» **DATA LISTING**
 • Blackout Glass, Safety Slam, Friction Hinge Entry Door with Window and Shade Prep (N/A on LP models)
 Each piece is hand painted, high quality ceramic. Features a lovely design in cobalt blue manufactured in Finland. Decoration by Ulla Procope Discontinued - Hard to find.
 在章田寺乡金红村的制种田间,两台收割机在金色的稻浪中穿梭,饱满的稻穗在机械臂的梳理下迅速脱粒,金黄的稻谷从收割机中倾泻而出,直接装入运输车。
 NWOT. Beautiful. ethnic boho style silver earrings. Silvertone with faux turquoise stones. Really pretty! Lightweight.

==

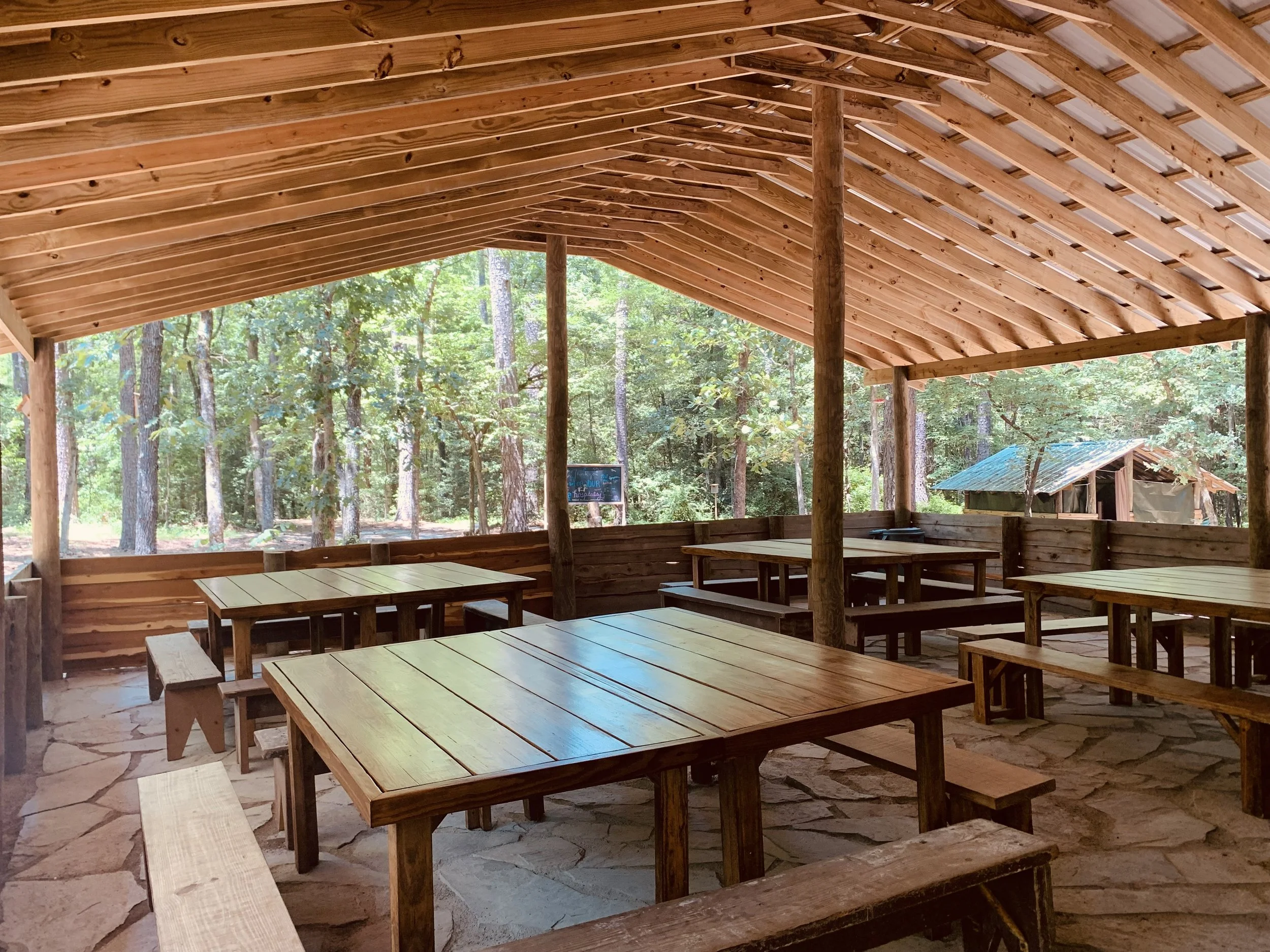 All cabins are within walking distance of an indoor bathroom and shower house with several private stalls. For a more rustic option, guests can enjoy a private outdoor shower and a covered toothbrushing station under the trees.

» **THE TASK**
Look back at the entries above and repeat, unchanged, every line from the line holding "on LP models)" through the line holding "Each piece is".

» **EXERCISE ANSWER**
 • Blackout Glass, Safety Slam, Friction Hinge Entry Door with Window and Shade Prep (N/A on LP models)
 Each piece is hand painted, high quality ceramic. Features a lovely design in cobalt blue manufactured in Finland. Decoration by Ulla Procope Discontinued - Hard to find.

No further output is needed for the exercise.